Relationship Advice: Please Stop Watching Movies
Like many of us who constructed our notions of romance in the ’90s, I decided that John Cusack holding up a boom box in a driveway was the ultimate expression of affection. With “Say Anything” my ideas of romantic love were cemented – there had to be drama and grand, butterflies-in-the-stomach moments where the music swells and time stops.
I was extra-screwed when it came to concocted ideals of love. Not only did I grow up watching movies, I grew up acting in them, too. Movies were pretty much my whole life and they shaped my ideas of how the world worked. I spent 18 years with my nose in a script and since I was working so much, I had very few real-world experiences to contradict the fantasy.
My very first kiss ever was in the film “Matinee” when I was 13-years-old. I had to spend 2 long years after that, desperately hoping that someone would want to kiss me without being paid for it. As I grew up, it was my job to reenact the exciting parts of romance: the flirty looks across the room, the accidental touch of the hands. Love was always well-lit and deliciously drama-filled. Not only did I buy into this system, I was promoting it to other poor suckers, too.
I spent my late teens and early twenties bouncing from one new relationship to another. My co-stars often fit the bill quite nicely. They were always good-looking and tended to be the Dark Artist type that I liked. They were also attractive out of sheer convenience and wide-spread availability.
But as soon as things got comfortable, I’d bolt, looking for the excitement and the “zsa zsa zu” as Carrie Bradshaw would say. I reveled in my relationships, as long as they looked like a romantic montage sequence. The moment things became a little routine, I went on the hunt for the next spark from across the crowded room.
The problem with that tactic is that I never got any deeper than the initial attraction. I didn’t move beyond the shiny new phase to get to a soul-level connection. And that’s where the real intimacy is.
So, what happens, when you’ve found your Forever Person and Happily Ever After includes gastrointestinal issues and disagreements about where to spend the holidays? Movies never include these complications, unless the characters are about to break up.

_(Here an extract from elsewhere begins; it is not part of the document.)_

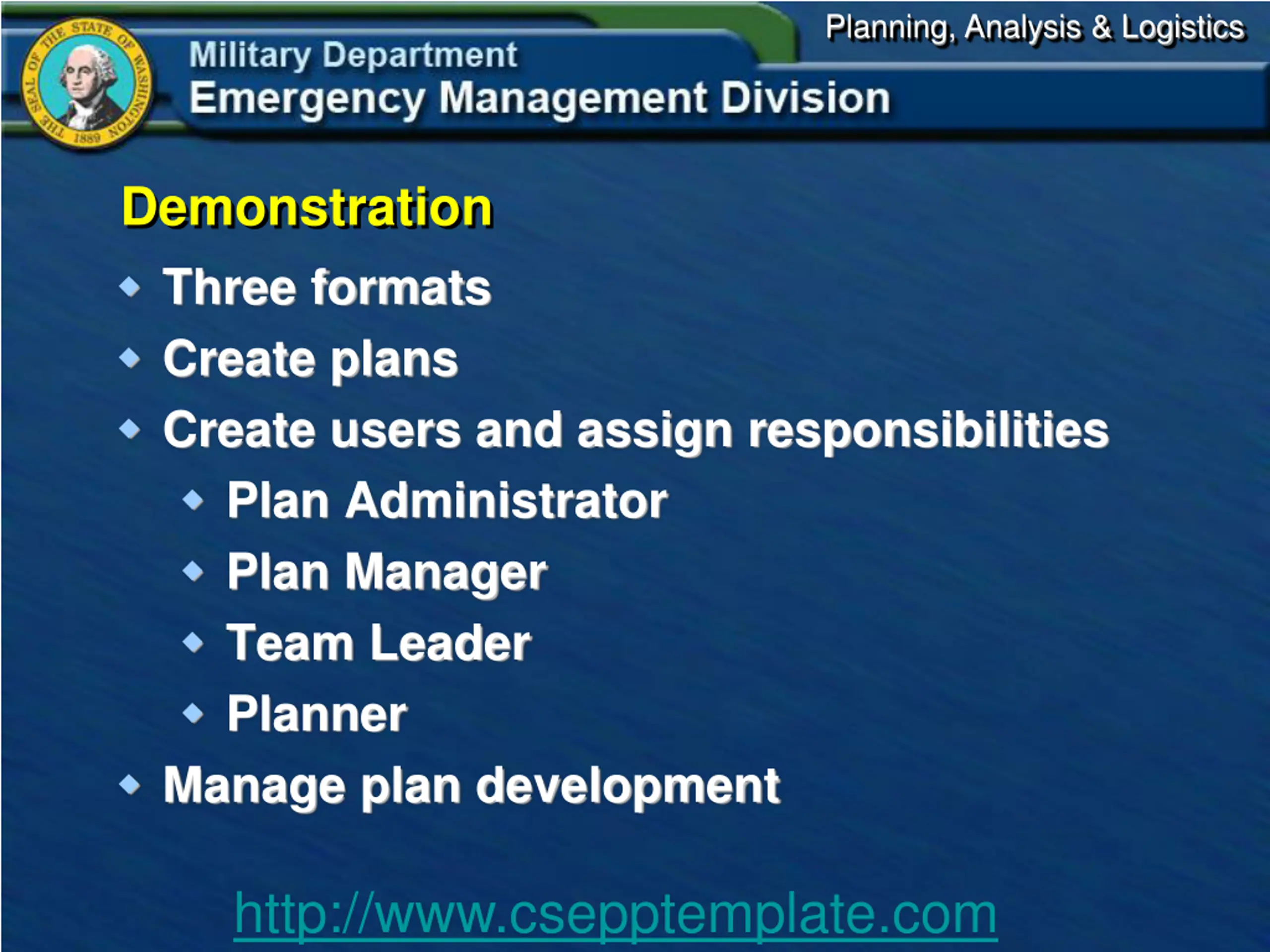 Planning, Analysis & Logistics Demonstration Three formats Create plans Create users and assign responsibilities Plan Administrator Plan Manager Team Leader Planner Manage plan development http://www.csepptemplate.com

How does a girl who was raised on carefully-scripted love learn to grow up and have a real, lasting relationship?
I had to reject everything that I had been taught by rom-coms.
- There doesn’t need to be a tumultuous break up in the second act and he doesn’t need to run through the rain to prove his love.
- Romance isn’t limited to him delivering breakfast in bed with a red rose, unloading the dishwasher after a long day is totally swoon-worthy.
- Real life issues might take longer than three scenes to resolve and that’s okay.
- He doesn’t need to complete me, I came into this world fully-assembled.
- There is a ton of good stuff that comes after the credits roll.
I’ve now been happily married for eight years, but there are still moments when I fall back into my old movie ways and crave those new relationship butterflies.
But then I remember to appreciate the parts they never show in the movies. It’s about knowing you have someone you can trust, who is always in your corner and thinks you look sexy in your sweatpants. When my husband listens to the silly details of my day and brings me a glass of water for my nightstand, that’s where the real love exists. And when you can find the zsa zsa zu in that – that’s when you get your happily ever after.
(And if I really need that butterfly feeling, I can always go watch a Joseph Gordon Levitt movie.)